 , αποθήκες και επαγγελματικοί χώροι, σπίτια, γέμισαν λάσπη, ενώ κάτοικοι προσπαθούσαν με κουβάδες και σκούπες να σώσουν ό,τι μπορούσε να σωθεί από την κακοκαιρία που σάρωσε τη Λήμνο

* * *

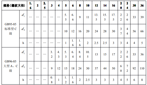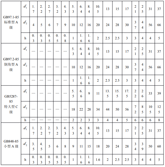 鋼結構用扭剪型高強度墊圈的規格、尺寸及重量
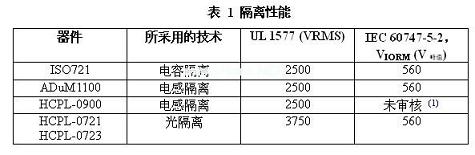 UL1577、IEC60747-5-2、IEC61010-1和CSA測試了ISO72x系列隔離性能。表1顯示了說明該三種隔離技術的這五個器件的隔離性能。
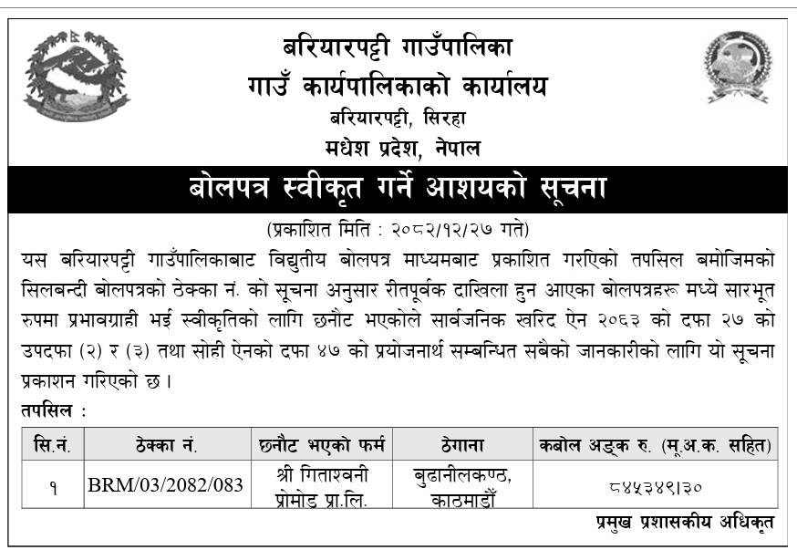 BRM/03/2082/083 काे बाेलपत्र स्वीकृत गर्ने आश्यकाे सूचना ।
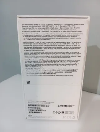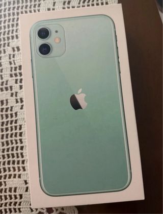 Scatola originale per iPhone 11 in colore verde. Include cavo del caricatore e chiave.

Problem requirements:
Skipping the pictures, print the lines in the listing above exactly as written, starting at the line with "UL1577、IEC6074" and ending at the line with "Scatola originale per", both included.

Answer to this problem:
 UL1577、IEC60747-5-2、IEC61010-1和CSA測試了ISO72x系列隔離性能。表1顯示了說明該三種隔離技術的這五個器件的隔離性能。
 BRM/03/2082/083 काे बाेलपत्र स्वीकृत गर्ने आश्यकाे सूचना ।
 Scatola originale per iPhone 11 in colore verde. Include cavo del caricatore e chiave.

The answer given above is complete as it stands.